Empero, en el cargo, nada se dice en concreto al respecto, por el contrario, se acepta que el problema de la desvalorización no es del agua, sino del suministro autónomo y suficiente, que es algo distinto.
3.3.- En ese punto, precisamente, el Tribunal señaló, a partir de las licencias de concesión de aguas, que si bien el suministro del recurso en la zona había aumentado de 27 a 37 litros por segundo, pero disminuido a los demandantes, esto había ocurrido por causas no imputables a la convocada, como el aumento de usuarios, que no por la desaparición y el traslado del yacimiento, ni por la reducción del caudal del arrollo.
Sin embargo, en la acusación no se combaten las razones torales que el Tribunal asoció con el problema del suministro autónomo y suficiente de las aguas, al extremo que ni siquiera un comentario se hace sobre el particular.
3.4.- Tocante con la pureza del recurso, se recuerda que el Tribunal basó su decisión en la ausencia y precariedad de pruebas acerca de la calidad de líquido, antes y después de los hechos que se imputan, en la perspectiva que fuera potable.

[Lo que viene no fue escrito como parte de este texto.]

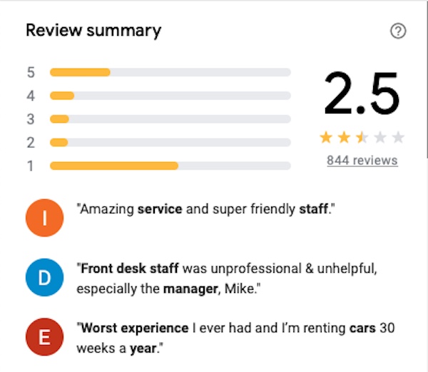 Mann isn’t the only person to use the S-word in his comments on this Ace Rent A Car location. Reviews online make alarming use of the term, with two of the business’s 20 Yelp reviews claiming such practices, and another accusing it of “classic bait and switch.” Google reviewers commonly ding the location for poor customer service and leave one-star reviews at a far higher rate than any other. Of the location’s 844 reviews, 27 cry “scam,” and six report bait-and-switch activity.
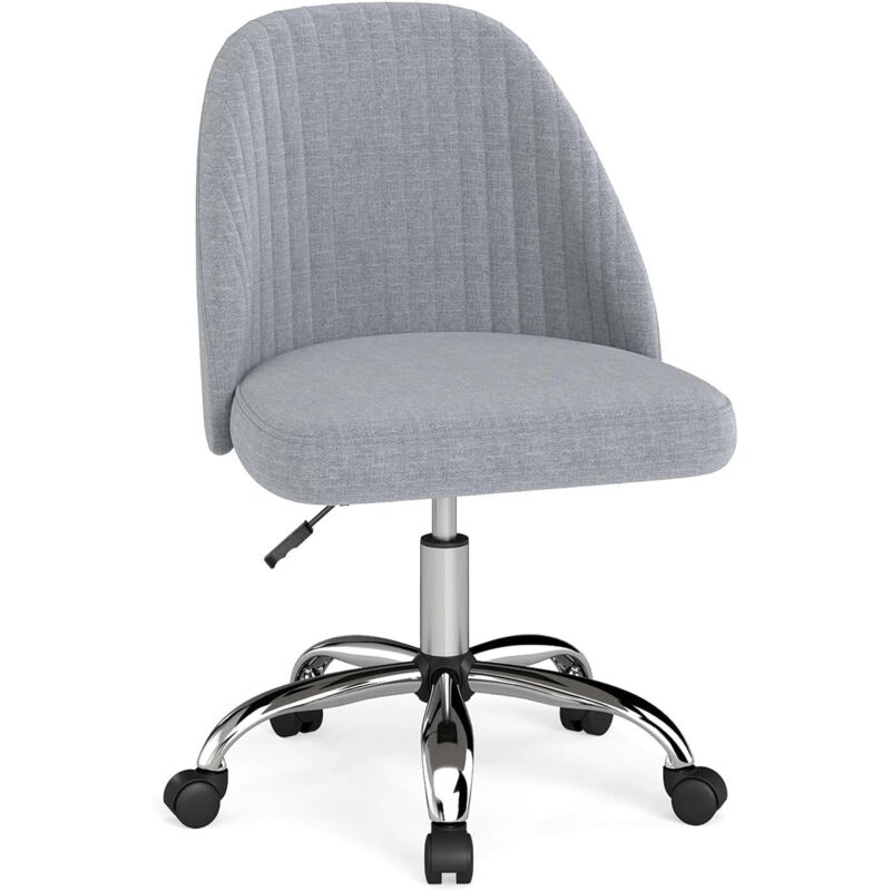 Chaise de Bureau sans Accoudoirs avec Dossier Incurvé et Siège Rembourré Chaise de Coiffeuse Pivotante Réglable en Hauteur Gris

Luego, si el elemento de potabilidad no fue una limitante alegada en la demanda o si existía prueba fehaciente que indicara que el agua que en otrora se recibía reunía esa característica y la actual no, el embate debió enderezarse, como correspondía, en ese sentido, pero esto fue omitido.


4.- En consecuencia, los defectos formales que han quedado resaltados, son suficientes para relevar el estudio de fondo del cargo, razón por la cual no es dable admitirlo.
DECISIÓN
En mérito de lo expuesto, la Corte Suprema de Justicia, Sala de Casación Civil, declara inadmisible la demanda y desierto el recurso de casación de los demandantes, interpuesto contra la sentencia de 17 de junio de 2010, proferida por el Tribunal Superior del Distrito Judicial de Medellín, Sala Civil, en el proceso ordinario de LUCÍA PÁRDO DE DE URIBE, JUAN JOSÉ, ALBERTO y JORGE URIBE PARDO contra la sociedad CANTERAS DE COLOMBIA S.A., y consecuentemente ordena remitir el expediente a la oficina de origen para lo pertinente.
NOTIFÍQUESE Y CÚMPLASE

RUTH MARINA DÍAZ RUEDA


JAIME ALBERTO ARRUBLA PAUCAR


PEDRO OCTAVIO MUNAR CADENA

WILLIAM NAMÉN VARGAS

ARTURO SOLARTE RODRÍGUEZ



EDGARDO VILLAMIL PORTILLA

1 Auto 034 de 12 de marzo de 2008, expedi3.1.- ente 00271, reiterando doctrina anterior.